You can also hear his folk-pop on his latest EP, Their Heads Are Green and Their Hands Are Blue.  His subject this time? The nonsense poems of 19th century writer Edward Lear.  Accompanied with nothing but his vintage 1947 Gibson guitar, Krebs tells these stories through melodies he's written for the album.  Lear might be most well-known for his poem "The Owl and the Pussycat," which Krebs includes here, but the strongest songs to my ear are the leadoff track, the sea-shanty-like "The Jumblies," and the blues-y "Calico Pie."  (Special shout-out to Krebs for recording the 110-line "The Courtship of the Yonghy Bonghy Bo," which Krebs reports took him 54 attempts to reach a suitable take.)
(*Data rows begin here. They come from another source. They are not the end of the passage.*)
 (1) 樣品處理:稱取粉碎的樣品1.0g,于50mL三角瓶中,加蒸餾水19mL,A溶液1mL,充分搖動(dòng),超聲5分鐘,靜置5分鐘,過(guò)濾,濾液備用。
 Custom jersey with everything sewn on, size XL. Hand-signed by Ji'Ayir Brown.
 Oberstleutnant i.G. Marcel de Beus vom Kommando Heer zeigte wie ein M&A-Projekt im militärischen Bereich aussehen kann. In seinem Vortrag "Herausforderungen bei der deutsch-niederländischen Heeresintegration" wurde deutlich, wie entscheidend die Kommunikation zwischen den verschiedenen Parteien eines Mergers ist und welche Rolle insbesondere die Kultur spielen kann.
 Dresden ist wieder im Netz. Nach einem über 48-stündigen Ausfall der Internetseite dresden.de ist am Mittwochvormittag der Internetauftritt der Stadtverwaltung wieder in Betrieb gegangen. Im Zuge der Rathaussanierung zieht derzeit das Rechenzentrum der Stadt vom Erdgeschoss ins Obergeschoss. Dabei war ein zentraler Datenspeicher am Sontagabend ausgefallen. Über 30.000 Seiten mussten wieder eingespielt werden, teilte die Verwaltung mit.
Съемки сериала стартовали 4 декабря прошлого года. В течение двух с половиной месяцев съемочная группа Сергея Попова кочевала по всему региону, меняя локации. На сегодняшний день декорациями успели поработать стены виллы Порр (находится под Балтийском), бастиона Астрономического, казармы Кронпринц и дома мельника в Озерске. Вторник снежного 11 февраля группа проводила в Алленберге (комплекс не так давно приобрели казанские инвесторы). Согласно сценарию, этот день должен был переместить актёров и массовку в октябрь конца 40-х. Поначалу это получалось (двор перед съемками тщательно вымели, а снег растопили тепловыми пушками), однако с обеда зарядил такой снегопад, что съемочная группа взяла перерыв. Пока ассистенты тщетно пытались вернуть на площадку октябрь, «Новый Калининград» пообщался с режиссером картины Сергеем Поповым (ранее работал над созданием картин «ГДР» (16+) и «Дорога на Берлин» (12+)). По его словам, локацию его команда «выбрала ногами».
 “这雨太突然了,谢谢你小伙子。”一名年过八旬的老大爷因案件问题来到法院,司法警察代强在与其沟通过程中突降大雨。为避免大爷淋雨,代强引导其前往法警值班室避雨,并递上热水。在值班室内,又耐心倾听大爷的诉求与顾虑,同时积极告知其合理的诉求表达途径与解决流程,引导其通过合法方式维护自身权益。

The album will be most appropriate for kids ages 4 through 8.  You can stream and purchase the 19-minute EP here.  Kids will need to be in the right frame of mind to enjoy the songs here -- they do require some attention -- and these may work better mixed in with other songs, rather than in one set.  But it's a fun album nonetheless.  Settings of 150-year-old poetry to song is probably not the way to kindie fame and fortune, but I'm glad that Papa Crow has chosen to explore this particular side path.  Recommended.

Note: I was given a (digital) copy of the album for possible review.